I have a SQL data table like this, and I wanted to calculate the rolling percentage change (by row and category). So that the result looks like this below
The SQL query I use is really slow and it takes forever to calculate it when there are thousands of categories, do you have an idea what's going on?

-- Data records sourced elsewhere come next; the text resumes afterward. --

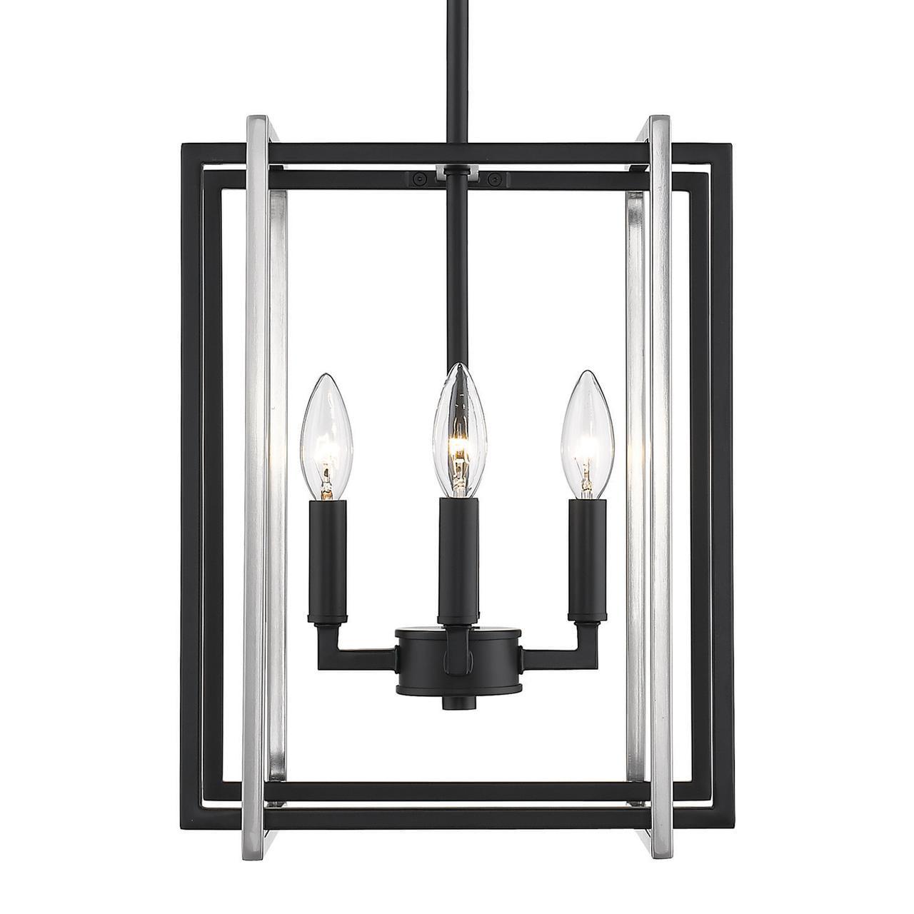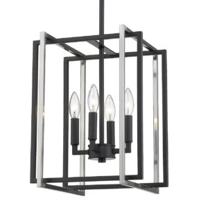 Golden Lighting-6070-4 BLK-PW-Collection: Tribeca, Material: Steel, Finish Color: Black, Width: 12″, Height: 16″, Depth: 12″, Hanging Method: Stem, Lamping Type: Incandescent, Number Of Bulbs: 4, Wattage: 240 Watts, Moisture Rating: Dry Rated, Desc: Tribeca is a contemporary, geometric series of customizable layered boxes. These striking open-cage fixtures bring sophisticated style to a space. Offered in a variety of finish options and silhouettes, including two-tone combinations, this clean transitional design pairs well with modern fashions. This 4-light chandelier creates a dramatic focal point and smooth ambient lighting.
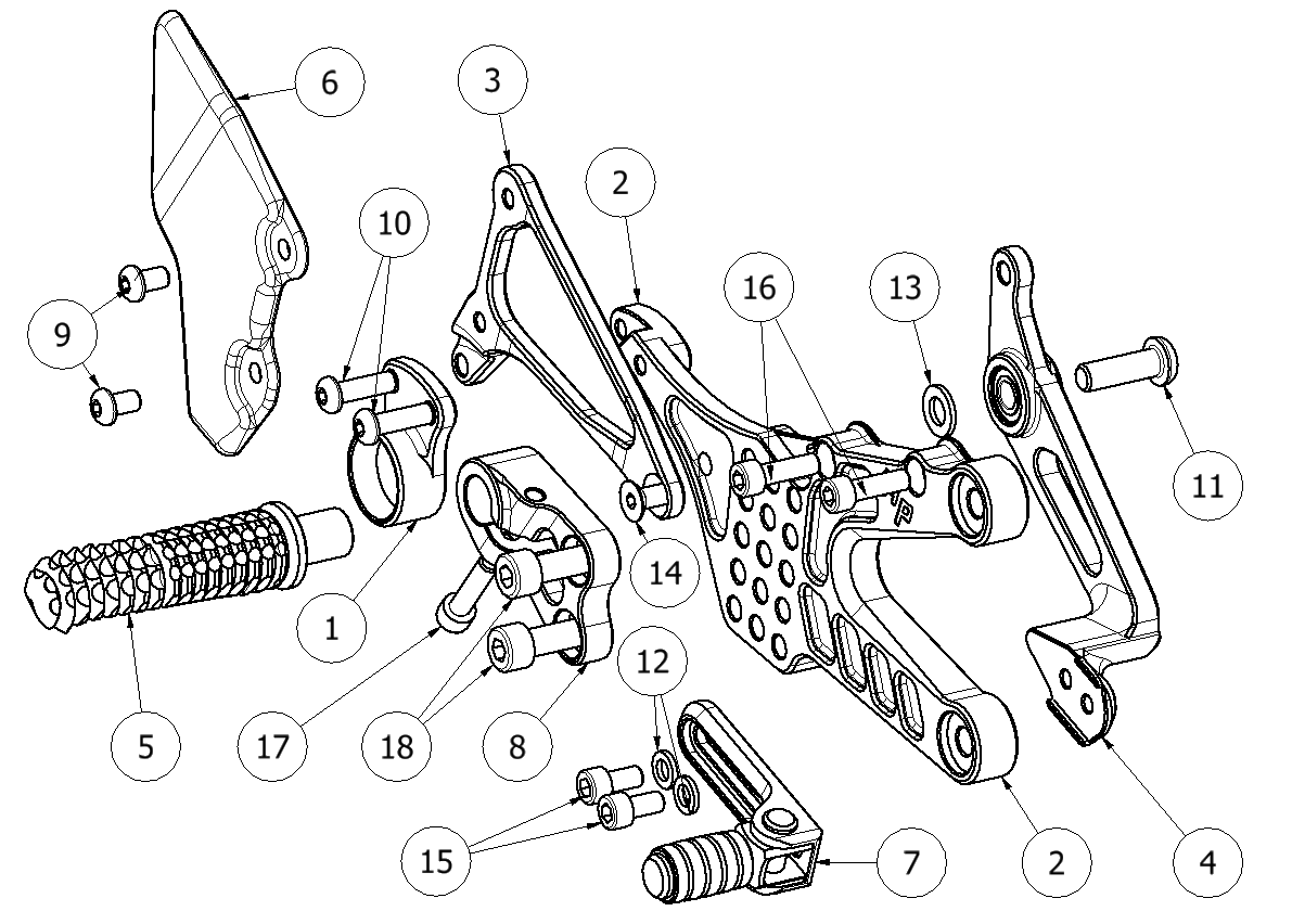 11711701G Rearset Muffler Brkt., 06-09 Yam R6, Aero Hard
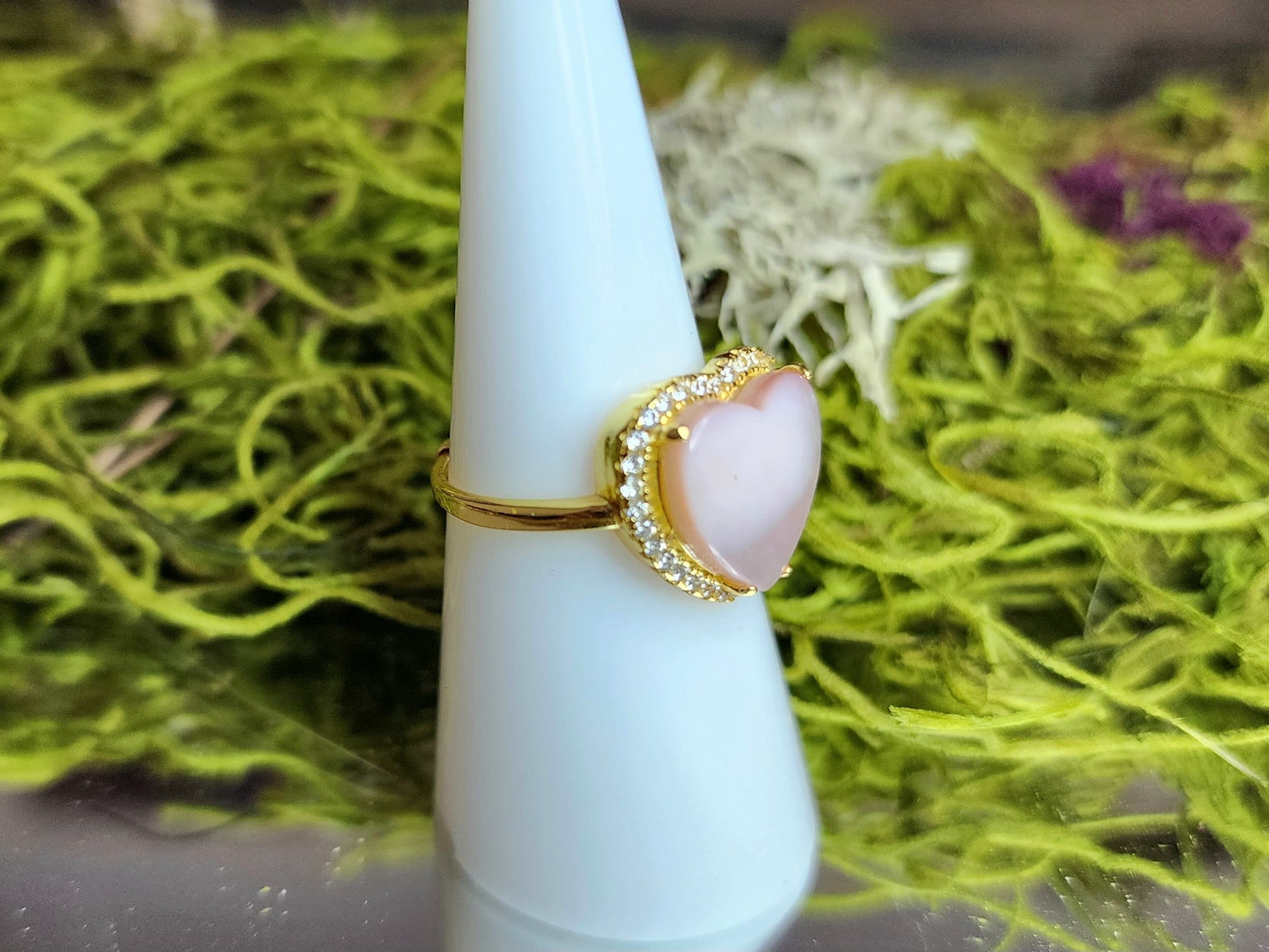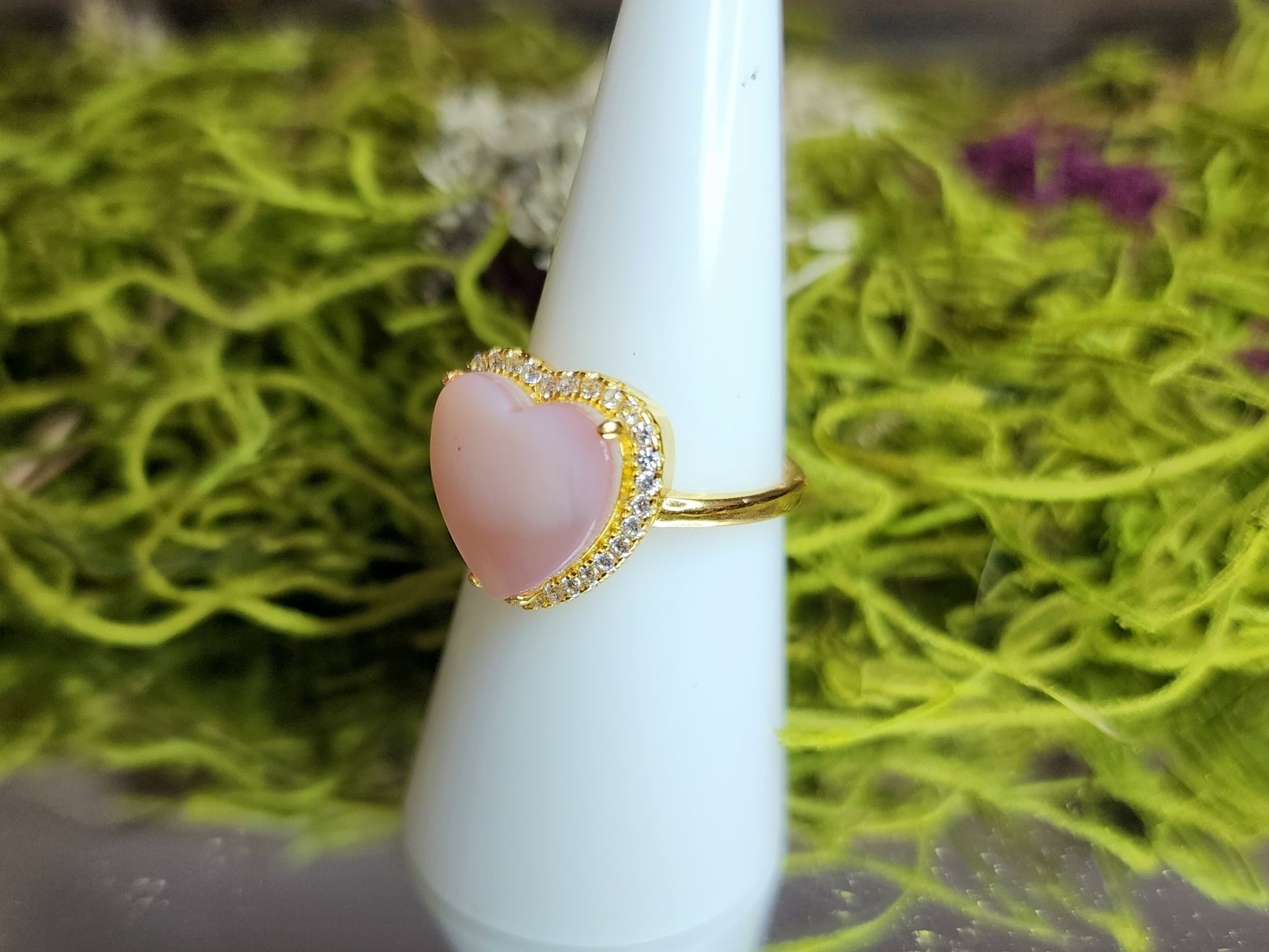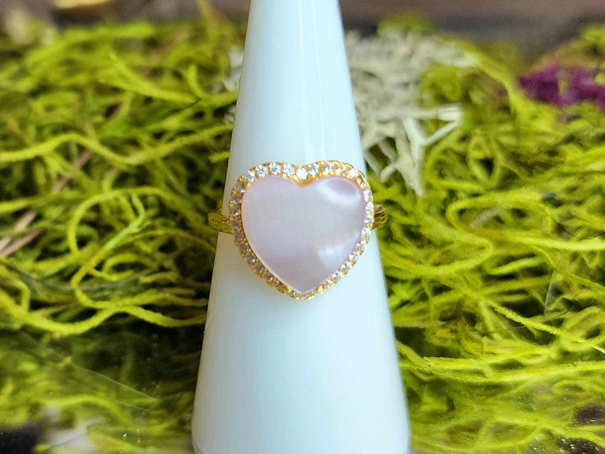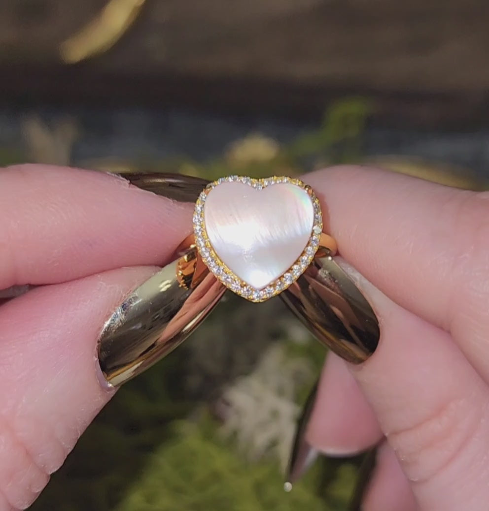 Heart-shaped Pink shell cabochon set in an adjustable sterling silver band that has been gold plated. Man-made zircon accents surround the shell.

Or any improvement?
First create a sample data_table:
CREATE TABLE IF NOT EXISTS data_table (
id INT AUTO_INCREMENT,
num INT,
category VARCHAR(10),
price FLOAT(20,2),
PRIMARY KEY (id)
);
INSERT INTO data_table(num,category,price)
VALUES(1,"A","10"),
(2,"A","20"),
(3,"A","30"),
(1,"B","20"),
(2,"B","30"),
(3,"B","40");
SQL for calculating percentage change:
SELECT
A.*,
CASE WHEN (A.price IS NULL OR B.price IS NULL OR B.price=0) THEN 0 ELSE
(A.price - B.price)/(B.price) *100 END AS perc
FROM (SELECT
num,
category,
price
FROM data_table
) A LEFT JOIN (SELECT
num,
category,
price
FROM data_table
) B
ON (A.num = B.num+1) AND A.category=B.category;
You could use user variables -
SELECT
dt.*,
IF(@prev_cat <> category, NULL, ROUND((price - @prev_price) / @prev_price * 100, 1)) AS perc,
@prev_cat := category,
@prev_price := price
FROM data_table dt, (SELECT @prev_cat := 0, @prev_price := 0) vars
ORDER BY category, num;
If you want to update your table with this perc value you can use -
ALTER TABLE `data_table`
ADD COLUMN `perc` DECIMAL(5,2) NULL AFTER `price`;
UPDATE `test`.`data_table` dt
JOIN (
SELECT
dt.*,
IF(@prev_cat <> category, NULL, ROUND((price - @prev_price) / @prev_price * 100, 1)) AS perc_calc,
@prev_cat := category,
@prev_price := price
FROM data_table dt, (SELECT @prev_cat := 0, @prev_price := 0) vars
ORDER BY category, num
) z ON dt.id = z.id
SET dt.perc = z.perc_calc;
If you were on MySQL 8 this would be a bit easier with LAG() -
SELECT dt.*,
ROUND((price - LAG(price, 1) OVER (PARTITION BY category ORDER BY num ASC)) / LAG(price, 1) OVER (PARTITION BY category ORDER BY num ASC) * 100, 1) AS `prev1`,
ROUND((price - LAG(price, 2) OVER (PARTITION BY category ORDER BY num ASC)) / LAG(price, 2) OVER (PARTITION BY category ORDER BY num ASC) * 100, 1) AS `prev2`,
ROUND((price - LAG(price, 20) OVER (PARTITION BY category ORDER BY num ASC)) / LAG(price, 20) OVER (PARTITION BY category ORDER BY num ASC) * 100, 1) AS `prev20`
FROM data_table dt;